4. **Backfill**: One-time `scripts/backfill_junction_tables.py` populated junction tables from existing payloads. `payload_ts` was auto-populated by SQLite.

## Design Flaw: Two Stores (KNOWN, fix planned)

**Problem:** `SQLiteClusterStore` and `DashboardStore` are parallel copies of the same data access layer. Methods were duplicated when DashboardStore was added, with the same JSON-parsing approach. When junction tables were implemented, only `DashboardStore` was updated. `SQLiteClusterStore` (used by MCP tools) still does full-table JSON parsing for entity/keyword search.

**Current state:**
- `DashboardStore` — uses SQL `payload_ts` filter + junction tables ✓
- `SQLiteClusterStore` — uses SQL `payload_ts` filter for time ✓, but MCP tool entity search (`get_events_for_entity`, `get_news_sentiment`) still fetches top-N clusters by time then filters entities in Python

**Consequence:** `get_events_for_entity("Pete Hegseth", timeframe="72h")` fetches the 200 most recent clusters (via `payload_ts`), then loops in Python checking entities. If the entity appears in 34 clusters but only 15 are in the top 200, 19 are missed.

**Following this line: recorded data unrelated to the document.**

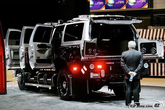 该车是由美国Alton Trucks公司基于福特 F-650 Super Duty皮卡打造的超大尺寸SUV,该车全车重量超过5吨,共有7个车门。而发动机则为Caterpillar的7.2L发动机,最大功率233马力。
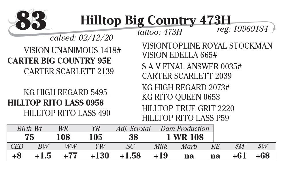 All persons who attend this sale do so at their own risk, legal or otherwise. Hilltop Angus assumes no liability for property loss or accident that may occur.
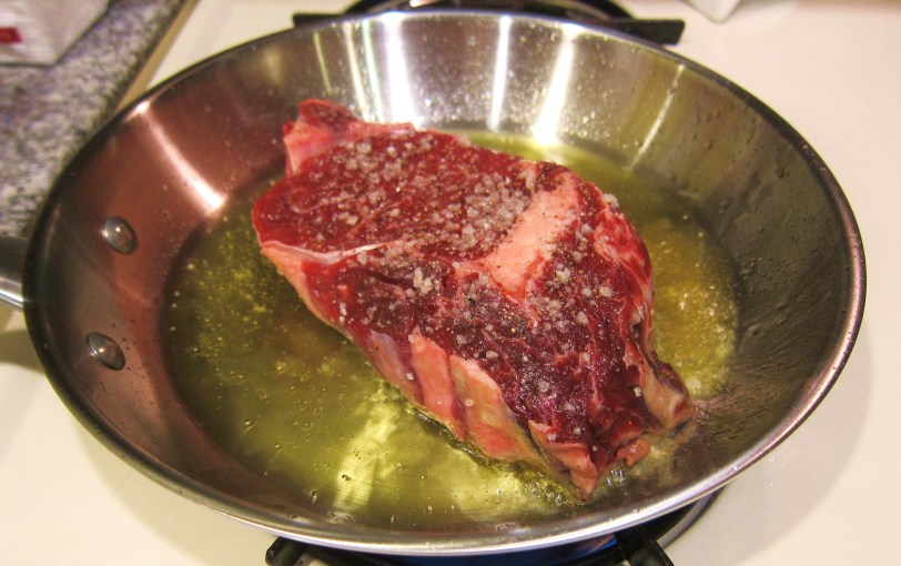 Heat about 1 TB extra virgin olive oil over med-high heat. We used our BlueStar 10″ fry/saute pan for this. Whatever you use, make sure the pan is oven-safe (no plastic, etc). When oil is very hot, sear steak briefly on both sides (about 2 minutes per side).
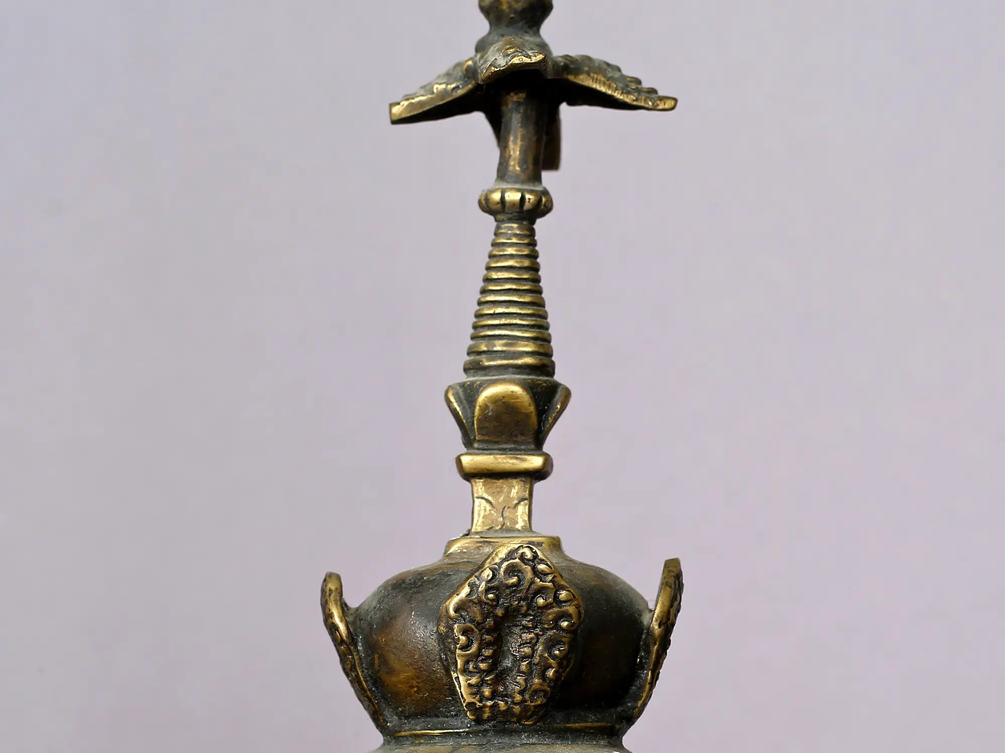 Enshrined in the ethereal presence of five Dhyani Buddhas, a majestic stupa stands guard over the enchanted world. Every Buddha envelops the stupa in a dance of transcendental energy, a silent sage of meditative elegance. In an enduring state of concentration, Amoghasiddhi, Amitabha, Vairochana, Ratnasambhava, and Akshobhya have created a masterwork of wisdom surrounding the hallowed site.
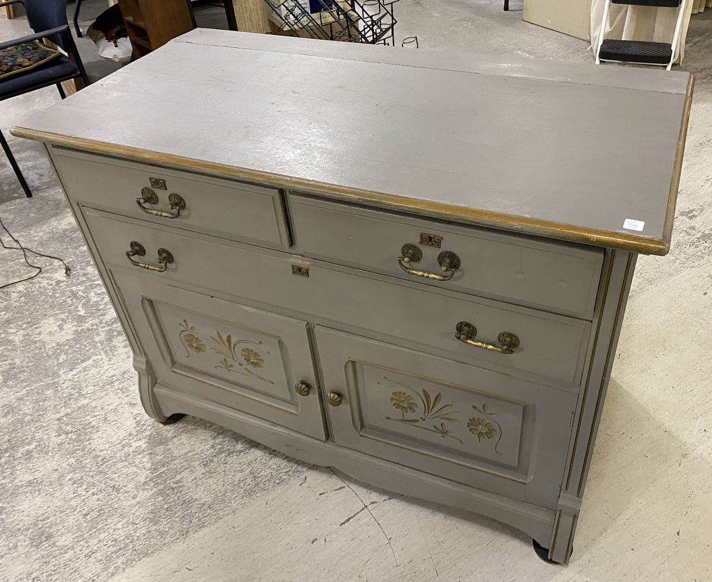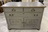 Painted Antique Buffet, three drawers, two door, has age wear, 35"h., 45"w., 24"d Painted Antique Buffet, three drawers, two door, has age wear, 35"h., 45"w., 24"d

**Proposed fix:** Collapse both stores into one. `SQLiteClusterStore` should be the single data access layer with proper junction-table methods for entity/keyword search. `DashboardStore` should be a thin wrapper or removed entirely. MCP tools should call `SQLiteClusterStore.get_clusters_by_entity()` using junction tables instead of Python-side filtering.